On the surface, homesteading seems like it’s all about livestock and gardens, and many of us have an image in our heads of the idealized small farmer walking out in the early morning to feed the chickens. While that is part of homesteading, it’s not all there is. At its core, homesteading is about learning new skills to increase your self-sufficiency, and the more skills you can learn, the better.
If this becomes reciprocal, it’s called bartering, and that’s what we’ve been doing lately with some family friends. Their daughter will be staying with us soon to learn photography from my mom. In exchange, they taught me to use a sewing machine.
My first project with them was a tiny pillow with my name stitched onto it, but to my surprise, we weren’t done after that. I was going to make a cloth grocery bag.
We started by selecting the fabrics.
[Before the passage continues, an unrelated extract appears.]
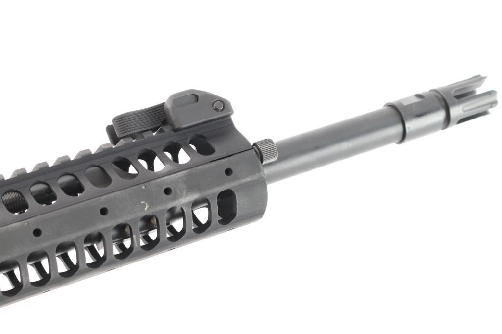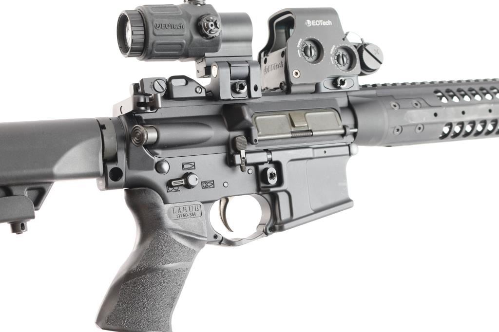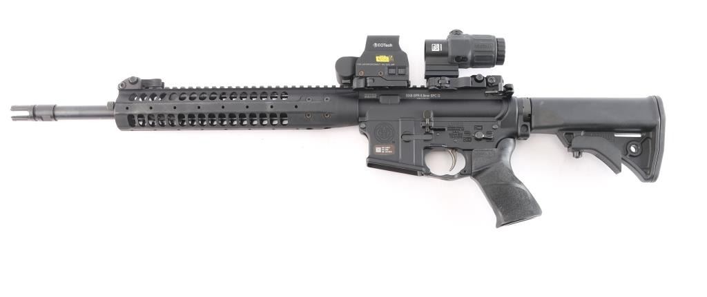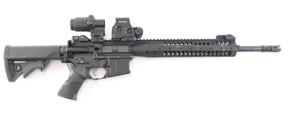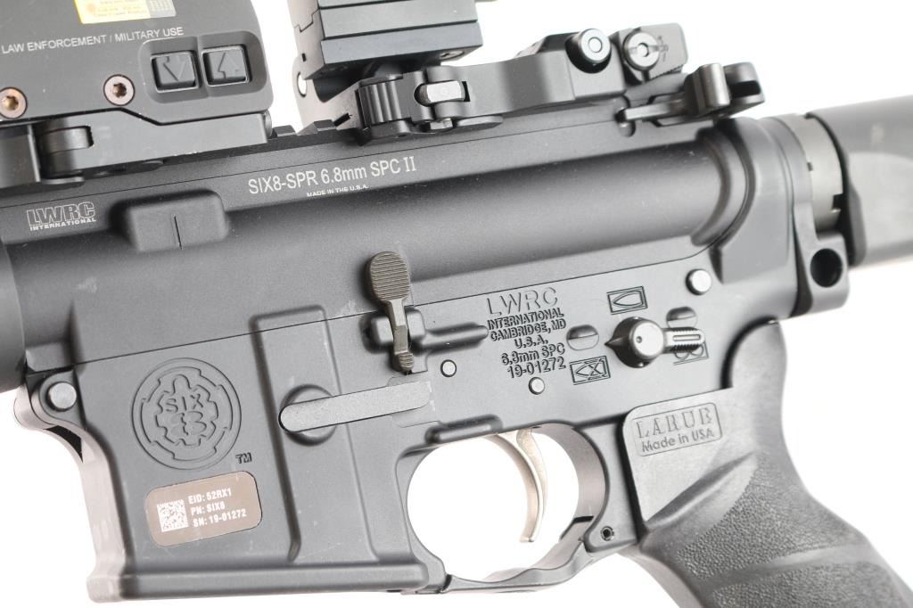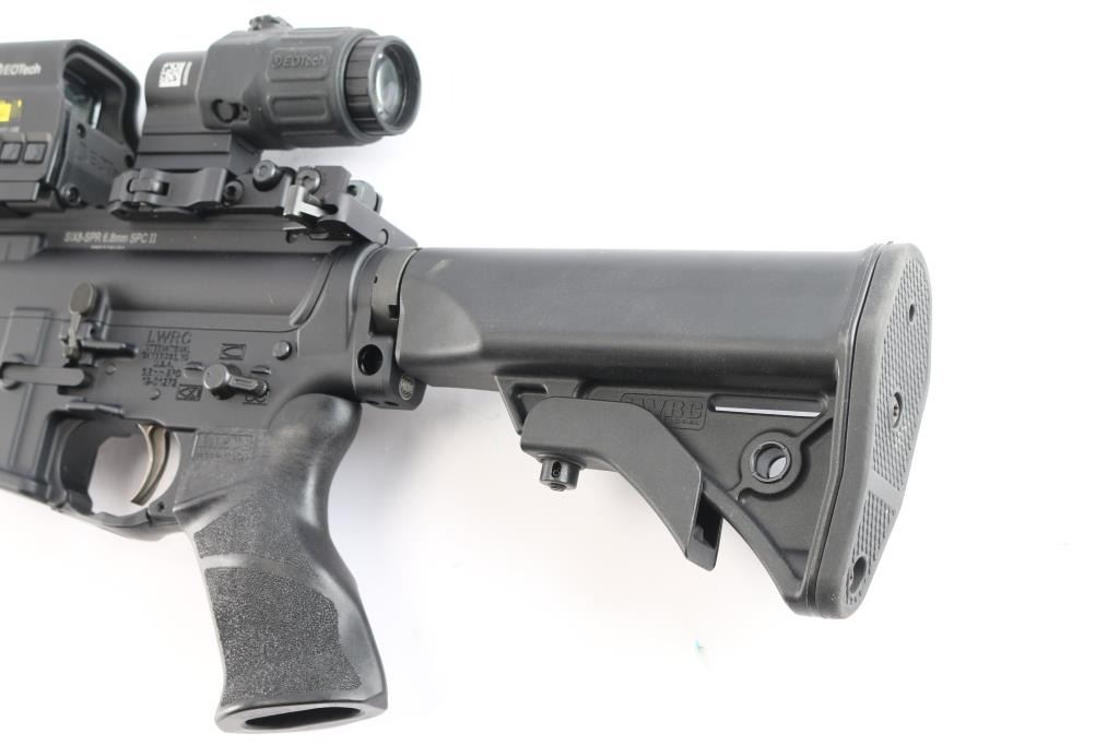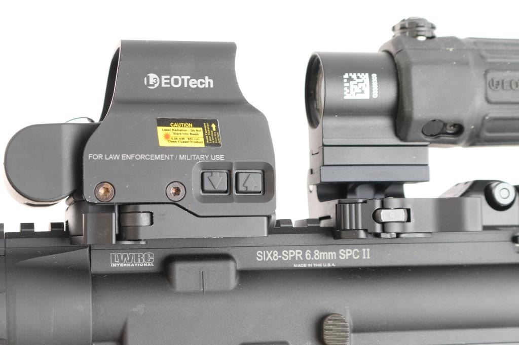 he LWRC SIX8-SPR is a high-performance semi-automatic rifle chambered in 6.8 SPC. Features a 16" cold hammer-forged Nicorr-treated heavy barrel, 1/10 RH rifling, LWRC high efficiency flash hider with aggressive end cuts, adjustable 2 position gas block, and a fully ambidextrous lower receiver. 1/10 RH rifling, LWRCI Ambidextrous charging handle, LWRCI Adjustable Compact stock, Larue textured grip, forward assist, shell deflector, California bullet mag release 12" free float handguard, full length rail mounted with LWRC flip-up sights and the EOTech L3 Holographic Hybrid Sight II EXPS-2 with G33.STS Magnifier, switch-to-side (STS) mount offers instant disengagement of the magnifier. Bore is excellent/bright, finish and furniture are excellent. No magazine

For the outside of the bag, I chose a pink cloth embroidered with elephants; for the inside, a soft gray fabric touched with white, like faraway stars. I cut my fabrics to the same size and pinned them together inside-out, threaded the sewing machine’s needle, slipped my fabrics into the machine, chose my stitch, and started off.
Using a sewing machine is slow and repetitive—unless you’re as good at it as my friend’s mom is, in which case it’s fast and repetitive. Still, there’s something about knowing you’ve done a good job, or at least gotten better, that’s thrilling, though that’s true of any skill, sewing or ziplining or writing. When I finished sewing the fabrics together around three edges, I was proud of myself.
My friend’s mom showed me how to turn the bag right-side-out, and we sewed the edges together, leaving room for a handle. For the handle, I selected a strip of rough pink fabric, and she slipped the ends into the spaces we’d left for that purpose. Then I got to sew them in place.
The final step was ironing. Being clumsy, I put my thumb in the wrong place almost immediately and had to run cold water on it, but the actual ironing was easy, and in minutes the bag was complete. It was satisfying enough knowing that I had made the bag, and that it had been less painful than my knitted hat, but even more so that I had contributed to my community.
Walking out to help feed the chickens afterward, I felt content.